Google announces AI system for diagnostic medical reasoning and conversation

Airbnb in KDD 23', Graph Machine Learning in ICML 2023

Jan 20, 2024

Google wrote an article for AI system for diagnostic medical reasoning and conversation.

The blog post introduces AMIE, a research AI system designed for diagnostic medical reasoning and conversations. This summary delves into the technical details of AMIE's architecture, capabilities, and performance:

1. Architectual Principles:

Multi-turn dialogue management: AMIE utilizes a state-tracking dialogue manager to engage in multi-turn conversations with clinicians and patients, dynamically updating its internal state based on the exchange.
Hierarchical reasoning model: AMIE employs a hierarchical reasoning model encompassing medical knowledge bases, probabilistic reasoning modules, and natural language processing (NLP) components. This model integrates clinical information with patient symptoms and history to formulate diagnoses and propose management plans.
Modular design: AMIE is modular, allowing for independent development and refinement of its various components (e.g., knowledge base, dialogue manager, NLP) while ensuring efficient integration.

2. Capabilities:

Comprehensive medical knowledge base: AMIE leverages a comprehensive knowledge base built from medical textbooks, clinical guidelines, and other sources. This knowledge base includes information on diseases, symptoms,medications, and diagnostic procedures.
Probabilistic reasoning: AMIE employs probabilistic reasoning modules to infer diagnoses from patient data.These modules consider the likelihood of different diagnoses given the observed symptoms and other findings.
Natural language processing: AMIE utilizes NLP techniques for understanding and responding to clinician/patient queries. This includes capabilities for parsing medical terminology, identifying key clinical findings, and generating natural language responses.
Explanation and transparency: AMIE provides explanations for its diagnostic reasoning and management recommendations, promoting transparency and building trust with healthcare professionals.

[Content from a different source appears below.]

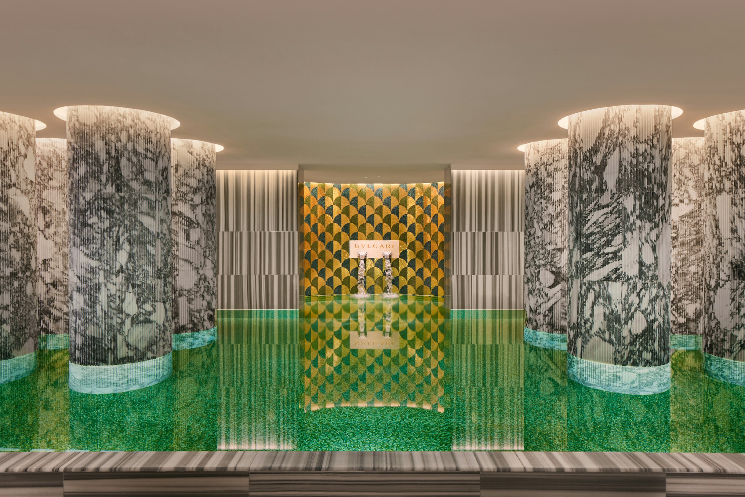 Designed around large blocks of colour to evoke Bvlgari’s renowned jewellery creations, four distinct colour schemes grace the hotel rooms, with the choice of coloured marble in the bathrooms dictating the overall palette. For the first time in its history, the iconic Arco lamp by the Castiglioni Brothers is transformed as the original Carrara white marble base is replaced with a marble to match the colour scheme of each room.

3. Performance Evaluation:

Simulated diagnostic conversations: AMIE's performance was evaluated in simulated diagnostic conversations with both primary care physicians (PCPs) and specialist physicians.
Evaluation metrics: Performance was assessed using various clinically-meaningful metrics, including diagnostic accuracy, completeness of information gathering, efficiency, and patient satisfaction.
Results: AMIE outperformed PCPs on multiple axes of dialogue quality and achieved comparable performance to specialist physicians.
Significance: AMIE's performance demonstrates the potential of AI systems to assist clinicians in diagnostic reasoning and patient communication, potentially improving healthcare outcomes.

4. Open Questions and Future Directions:

Generalizability: While AMIE performed well in simulated settings, further research is needed to evaluate its real-world performance in clinical practice.
Safety and ethical considerations: Ensuring the safety and ethical implications of AI in healthcare remains a crucial area of focus.
Integration with clinical workflows: Seamless integration of AI systems like AMIE into existing clinical workflows is essential for successful adoption.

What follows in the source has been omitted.